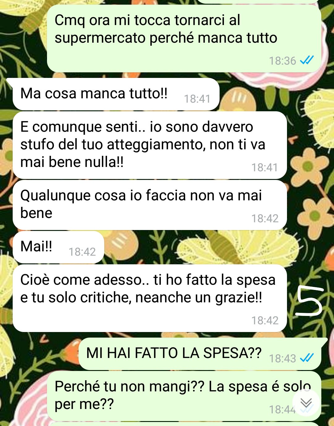 La nostra fan convive con il suo ragazzo da pochi mesi, ma ha già raggiunto il limite della sopportazione per via del suo atteggiamento casalingo. Fin da subito è emersa una netta differenza nel modo in cui i due intendono la convivenza: mentre lei si occupa di tutte le incombenze domestiche – cucina, pulizie, spesa – il suo compagno si limita a godere di questi servizi senza mai prendere l’iniziativa.
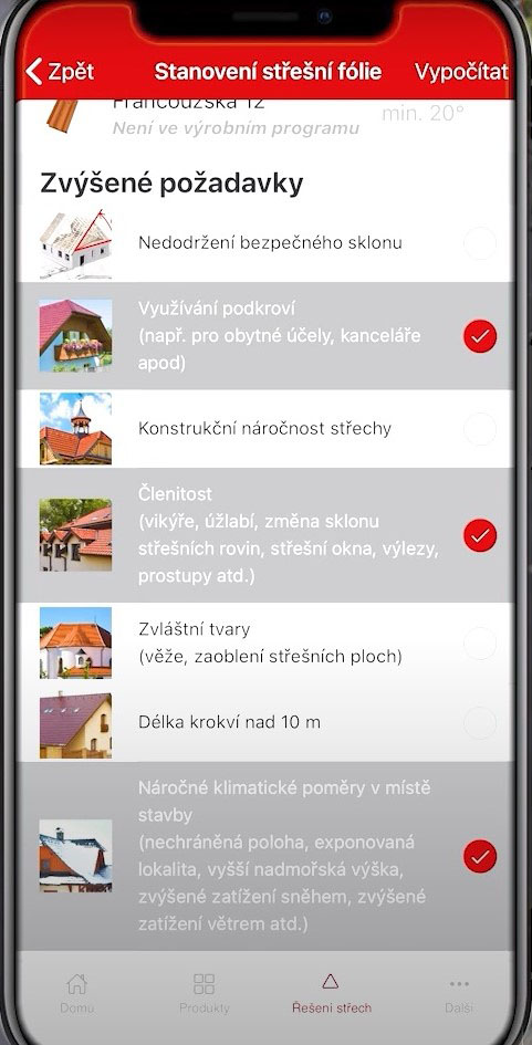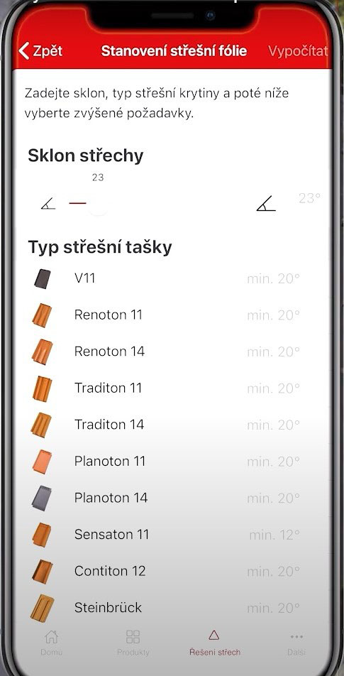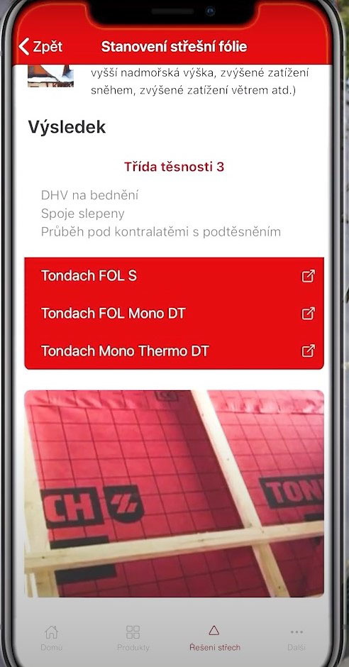 Pro rychlejší určení třídy těsnosti DHV je vhodné využít program, který je součástí Mobilní technické příručky TONDACH. Zadáním sklonu střechy, typu tašky a počtu zvýšených požadavků lze pomocí tohoto programu snadno zjistit požadovanou třídu těsnosti.
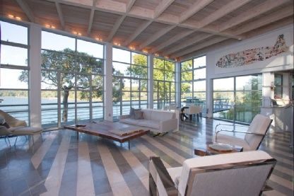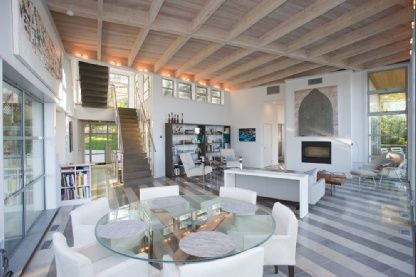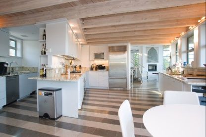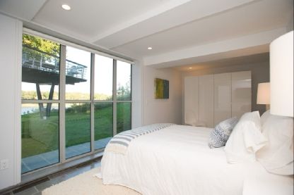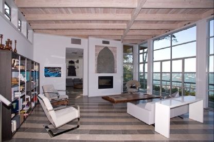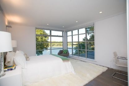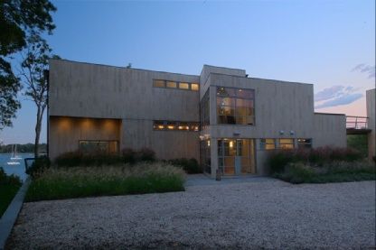 Located on Dering Harbor this modern home with deep water dock has much to offer.. Walls of glass and wrap-around decks ensure a glorious water view from every vantage point throughout the three levels of living space. The main level has a large chef's kitchen with butlers pantry, massive living area with double sided gas fireplace, den, powder room, and a large en-suite guest bedroom and waterside deck. On the lower level you'll find a larg
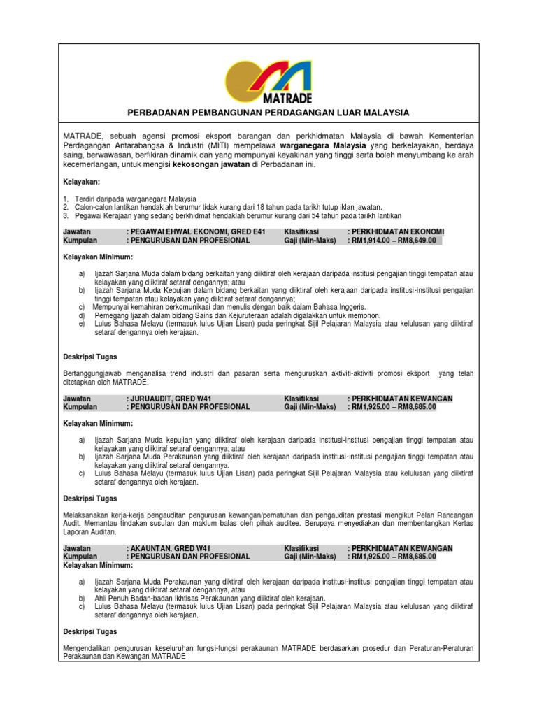 Pegawai hal ehwal ekonomi matrade. Berikut merupakan maklumat iklan kerja kosong yang ditawarkan oleh majikan terlibat. Last updated jul 30 2020. Pegawai ehwal ekonomi gred e41 2 kekosongan merancang strategi pengurusan perancangan restructuring dan pemantauan organisasi dari aspek struktur organisasi skim perkhidmatan perjawatan pengauditan iso pengurusan perkhidmatan dan perjawatan pegawai dan kakitangan matrade. Senarai tugas gaji dan syarat lantikan.
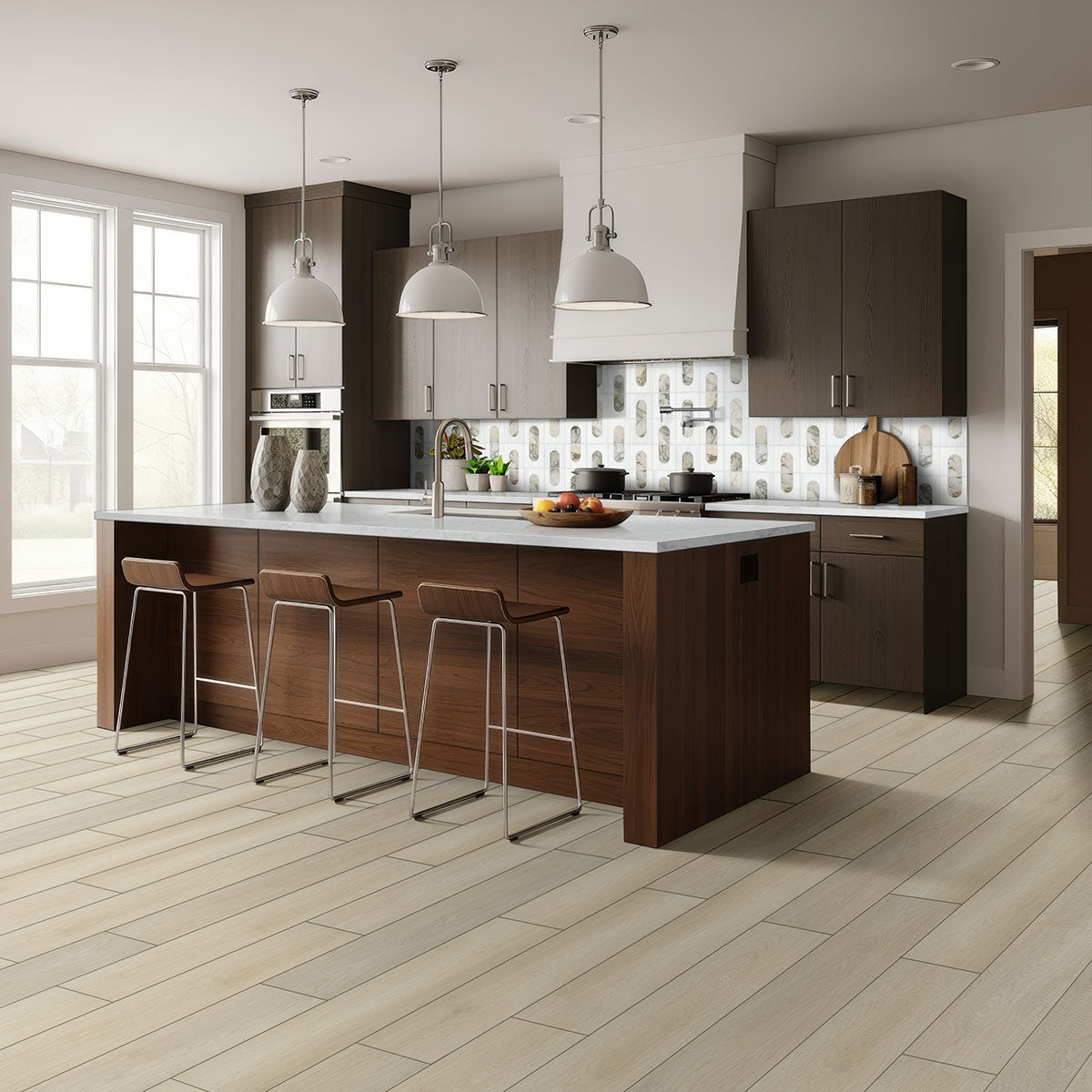 Vintaj Luxury Vinyl Planks showcase a light blonde hue with subtle knots and grains, offering a soft, natural look that brightens any space. These 7” x 48” waterproof planks feature enhanced beveled edges for detailed, refined look. A robust 20 MIL CrystaLux Ultra™ protection layer withstands daily wear and tear with exceptional durability. With a no-acclimation, click-lock system, it’s ready for easy same-day installation. Perfect for kitchens, bathrooms, basements, and more, Vintaj delivers luxurious style and durability for any residential or commercial space. Backed by a lifetime limited residential warranty, along with 15-year light commercial and 10-year commercial warranties, this flooring is built to last.

==*==

Work required =
After dropping the pictures, reproduce exactly the lines from the first line of the entries through the line containing "Pro rychlejší určení", both included.

Expected output =
 La nostra fan convive con il suo ragazzo da pochi mesi, ma ha già raggiunto il limite della sopportazione per via del suo atteggiamento casalingo. Fin da subito è emersa una netta differenza nel modo in cui i due intendono la convivenza: mentre lei si occupa di tutte le incombenze domestiche – cucina, pulizie, spesa – il suo compagno si limita a godere di questi servizi senza mai prendere l’iniziativa.
 Pro rychlejší určení třídy těsnosti DHV je vhodné využít program, který je součástí Mobilní technické příručky TONDACH. Zadáním sklonu střechy, typu tašky a počtu zvýšených požadavků lze pomocí tohoto programu snadno zjistit požadovanou třídu těsnosti.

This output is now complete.